Nel pensiero istituzionale, e nelle modalità che contraddistinguono la relazione utente straniero-operatore, si insinua, fino a diventare caratterizzante il rapporto tra questi due poli, la procedura dell'inchiesta: i rapporti, le testimonianze, il reperimento e il controllo incrociato delle informazioni, la circolazione del sapere dal centro del potere fino al suo punto di attuazione più periferico (l'assistenza domiciliare, in cui l'educatore entra nelle case degli utenti, spesso migranti, con l'espresso compito di osservare le “dinamiche relazionali tra genitori e figli”, ovviamente con strumenti e strategie, tattiche insomma,

escogitate ed implementate dalla cultura istituzionale di cui non solo fa parte, ma di cui è rappresentante all'interno della mura domestiche di quella famiglia, che necessita, a parere dell'istituzione, di un'assistenza a domicilio di cui figli, ma anche genitori, dovrebbero beneficiare), la possibilità di verifica, tutto ciò contribuisce a costruire un'inchiesta che verte sul comportamento delle persone, sui modi di vita e di pensiero. È una modalità di pensare l'altro che l'Occidente non solo ha elaborato nelle sue istituzioni, diciamo, che si occupano di terapia e cura, ma che ha esportato su tutto il globo, durante l'estensione del suo potere realizzata con l'impresa colonizzatrice: la colonizzazione è stata resa possibile non solo dalla potenza economica e militare dell'Occidente che si è materializzata sulle terre e sulle superfici, ma anche dal concomitante processo di “colonizzazione culturale” che ha investito in profondità corpi, gesti, pensieri, modi di vita. E, pur essendo una verità presente in ogni luogo, dappertutto, esse è pur sempre nascosta, e difficile da scoprire; è una verità – pensata in Occidente – universale, che è e sarà alla portata di chiunque, ma tuttavia richiede al soggetto in grado di coglierla una qualifica, in base a procedimenti, apprendimenti, passaggi, sanciti dalla legge e dalla pedagogia. È esattamente questo il ruolo dell'esperto nella nostra società, e nelle nostre istituzioni: è un soggetto che ottiene la qualificazione a svolgere questa funzione, è nel concreto la realizzazione di un diritto astratto che tutti possediamo, ossia il diritto a cogliere tale verità; ricorrere all'esperto significa interpellare un proprio diritto alla conoscenza, mediato però da una figura che è istituzionalmente preposta ad esercitarlo, concretamente, e ricorrervi così assiduamente e con cieca fiducia è in diretta correlazione con l'estendersi della posizione della verità scientifica nella storia anche più attuale dell'Occidente.

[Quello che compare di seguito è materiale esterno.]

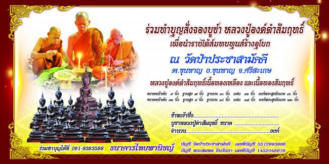 พระครูธรรมธรสมพล ปณญาพโล ขอเชิญชวนทำบุญสั่งจองบูชาหลวงปู่องค์ดำสัมฤทธิ์ สมทบทุนสร้างอุโสถ วัดป่าประชาสามัคคี

L'istituzione, di per sé, offre al minore lo spazio di realizzazione del suo comportamento, atteso, anche in termini negativi; tale spazio è parte integrante del potere istituzionale, che ha anche la funzione di permettere al comportamento, anche deviante, del minore di manifestarsi in un'istituzione la cui disciplina ha proprio l'obiettivo e lo scopo di attenuarne e correggerne violenze, crisi, atteggiamenti disturbanti. Inquadrare devianze, violenze, particolarità, all'interno di un sistema disciplinare ed istituzionalizzato significa, in ultima analisi, non saperle ascoltare, non saper educare l'anima attraverso l'anima stessa, il suo compiersi (Hillman, 2009; Jung, 1998).